A standard construction of the final coalgebra of an endofunctor involves defining a chain of iterates, starting at the final object of the underlying category and successively applying the functor. In this paper we show that, for a finitary set functor, this construction always yields a final coalgebra in ω 2 = ω + ω steps.

TCS Journal 2004 Journal Article

Measuring the probabilistic powerdomain

  • Keye Martin
  • Michael Mislove
  • James Worrell

In this paper we initiate the study of measurements on the probabilistic powerdomain. We show how measurements on an underlying domain naturally extend to its probabilistic powerdomain, so that the kernel of the extension consists of exactly those normalized measures on the kernel of the measurement on the underlying domain. This result is combined with now-standard results from the theory of measurements to obtain a new proof that the fixed point associated with a weakly hyperbolic IFS with probabilities is the unique invariant measure whose support is the attractor of the underlying IFS.

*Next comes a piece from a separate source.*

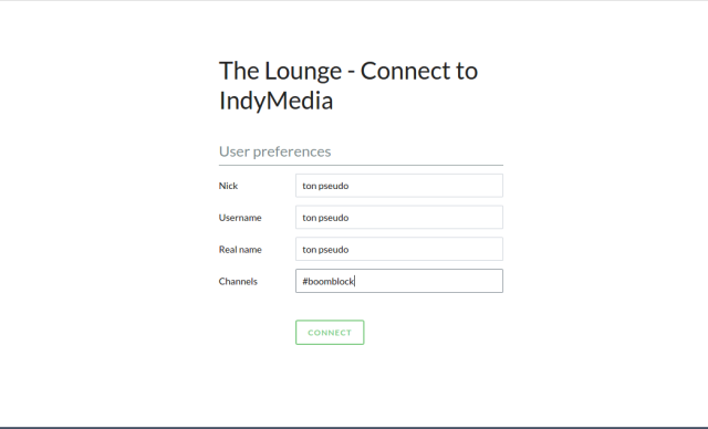 Tu écrit ce que tu veux dans "Nick", "username", "realname" : c’est ton pseudo ! Et dans "channel" tu mets "#boomblock" et tu clique sur "connect".

TCS Journal 2001 Journal Article

On the structure of categories of coalgebras

  • Peter Johnstone
  • John Power
  • Toru Tsujishita
  • Hiroshi Watanabe
  • James Worrell

Consideration of categories of transition systems and related constructions leads to the study of categories of F-coalgebras, where F is an endofunctor of the category of sets, or of some more general ‘set-like’ category. It is fairly well known that if E is a topos and F: E→E preserves pullbacks and generates a cofree comonad, then the category of F-coalgebras is a topos. Unfortunately, in most of the examples of interest in computer science, the endofunctor F does not preserve pullbacks, though it comes close to doing so. In this paper we investigate what can be said about the category of coalgebras under various weakenings of the hypothesis that F preserves pullbacks. It turns out that almost all the elementary properties of a topos, except for effectiveness of equivalence relations, are still inherited by the category of coalgebras; and the latter can be recovered by embedding the category in its effective completion. However, we also show that, in the particular cases of greatest interest, the category of coalgebras is not itself a topos.